Steps for Withdrawing from a Partnership

  1. Review of Partnership Agreement
    The first step for any partner wishing to withdraw is to review the partnership agreement. Most agreements contain provisions that outline the procedure for withdrawal. This agreement may specify how notice must be given, how the remaining partners will handle the withdrawing partner's interest, and the division of assets and liabilities.

  2. Notice of Withdrawal
    The withdrawing partner must provide formal notice of their intention to leave the partnership. The notice should be in writing, detailing the reason for withdrawal and the effective date of the withdrawal. This document is often referred to as an Affidavit of Withdrawal and is a key legal document that may need to be filed with the SEC for registered partnerships.

  3. SEC Filing and Compliance
    If the partnership is registered with the SEC, the withdrawal of a partner must be officially documented through filings with the SEC. The partnership may need to file a formal amendment to the Articles of Partnership to reflect the withdrawal and any other changes in the partnership's structure. The process includes:

    • Filing a General Information Sheet (GIS) reflecting the change.
    • Submitting an amended Articles of Partnership, if necessary.
    • Providing the necessary affidavits or resolutions from the remaining partners agreeing to continue the partnership, if applicable.
  4. Settlement of Partner’s Interest
    After withdrawal, the withdrawing partner is entitled to the return of their capital contribution or any share in the partnership assets, depending on the financial status of the business and the terms of the partnership agreement. In case of disputes regarding the amount to be paid, the matter may be subject to legal arbitration or court proceedings.

Winding Up the Partnership

If the partnership is dissolved as a result of the partner's withdrawal, it must undergo the process of winding up. Winding up involves settling the partnership’s affairs, which includes:

  • Collecting any outstanding debts.
  • Paying off liabilities.
  • Distributing any remaining assets to the partners based on their respective shares.

The partners, or a designated liquidator, are responsible for completing these tasks. Once the winding-up process is completed, the partnership must file for formal dissolution with the SEC to finalize the closure.

Withdrawal and Partner’s Liability

It is important to note that a withdrawing partner may still be liable for obligations incurred by the partnership before their withdrawal. Under the law, partners remain jointly and severally liable for the partnership's obligations unless an agreement is made with the partnership’s creditors to release the withdrawing partner from such liabilities.

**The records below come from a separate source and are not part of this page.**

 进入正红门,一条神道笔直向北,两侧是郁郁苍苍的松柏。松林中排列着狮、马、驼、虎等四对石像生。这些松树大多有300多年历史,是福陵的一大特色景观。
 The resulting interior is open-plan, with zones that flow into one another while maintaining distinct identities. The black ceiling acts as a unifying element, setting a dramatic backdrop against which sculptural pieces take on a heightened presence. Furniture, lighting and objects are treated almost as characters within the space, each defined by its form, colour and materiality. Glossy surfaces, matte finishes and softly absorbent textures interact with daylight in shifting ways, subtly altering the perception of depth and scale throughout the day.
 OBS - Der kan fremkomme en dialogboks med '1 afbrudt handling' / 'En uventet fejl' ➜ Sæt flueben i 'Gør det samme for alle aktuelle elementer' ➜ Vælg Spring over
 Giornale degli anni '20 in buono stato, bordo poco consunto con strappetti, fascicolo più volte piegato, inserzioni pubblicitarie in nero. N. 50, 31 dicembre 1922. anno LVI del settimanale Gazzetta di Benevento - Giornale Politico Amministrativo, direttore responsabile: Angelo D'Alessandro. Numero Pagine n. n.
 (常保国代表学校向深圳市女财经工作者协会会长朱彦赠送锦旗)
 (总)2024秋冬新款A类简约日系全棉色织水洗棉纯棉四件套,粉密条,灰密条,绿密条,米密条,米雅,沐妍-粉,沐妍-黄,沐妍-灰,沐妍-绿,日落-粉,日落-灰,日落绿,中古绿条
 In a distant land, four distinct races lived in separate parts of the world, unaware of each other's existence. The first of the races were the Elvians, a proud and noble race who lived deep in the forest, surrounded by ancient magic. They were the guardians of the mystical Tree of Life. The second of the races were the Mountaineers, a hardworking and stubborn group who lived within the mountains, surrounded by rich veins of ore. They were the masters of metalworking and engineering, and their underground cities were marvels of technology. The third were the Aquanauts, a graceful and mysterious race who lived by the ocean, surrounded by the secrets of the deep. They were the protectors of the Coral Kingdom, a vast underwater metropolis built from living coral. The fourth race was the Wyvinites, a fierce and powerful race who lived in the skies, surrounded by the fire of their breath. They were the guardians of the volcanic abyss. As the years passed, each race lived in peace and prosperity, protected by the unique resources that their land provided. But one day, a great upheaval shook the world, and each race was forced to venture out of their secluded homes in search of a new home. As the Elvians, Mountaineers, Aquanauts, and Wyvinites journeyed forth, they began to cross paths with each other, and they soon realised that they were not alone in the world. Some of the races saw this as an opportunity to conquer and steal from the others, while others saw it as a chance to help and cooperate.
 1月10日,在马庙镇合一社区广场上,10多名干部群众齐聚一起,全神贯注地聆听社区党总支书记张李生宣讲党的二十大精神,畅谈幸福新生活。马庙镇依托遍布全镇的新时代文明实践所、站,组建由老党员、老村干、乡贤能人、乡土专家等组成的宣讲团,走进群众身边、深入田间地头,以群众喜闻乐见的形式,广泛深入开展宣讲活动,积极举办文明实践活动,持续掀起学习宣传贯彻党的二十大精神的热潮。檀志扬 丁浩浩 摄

Tax and Regulatory Implications

When a partnership is dissolved or when a partner withdraws, there may be tax implications. The partnership must file the appropriate tax returns, pay any taxes due, and comply with the requirements of the Bureau of Internal Revenue (BIR). The SEC also requires that the partnership submit any remaining filings, such as the final General Information Sheet and audited financial statements, before it can be formally dissolved.

Continuing Partnership After Withdrawal

If the remaining partners choose to continue the business after the withdrawal of one partner, they must amend the Articles of Partnership to reflect the change in the composition of the partners. The partnership agreement may also need to be updated to account for the new arrangement. The SEC must be notified of these changes, and the remaining partners must ensure that they comply with the necessary legal formalities to avoid any penalties.

Conclusion

The withdrawal of a partner from a partnership in the Philippines is a legally significant event that requires careful attention to the partnership agreement, compliance with SEC regulations, and consideration of the potential tax and liability implications. Whether the partnership is dissolved or continues with the remaining partners, following the proper legal processes is essential to ensure a smooth transition and avoid legal disputes. Consulting with a legal expert is recommended to navigate the complexities of partnership withdrawal and dissolution effectively.

Disclaimer: This content is not legal advice and may involve AI assistance. Information may be inaccurate.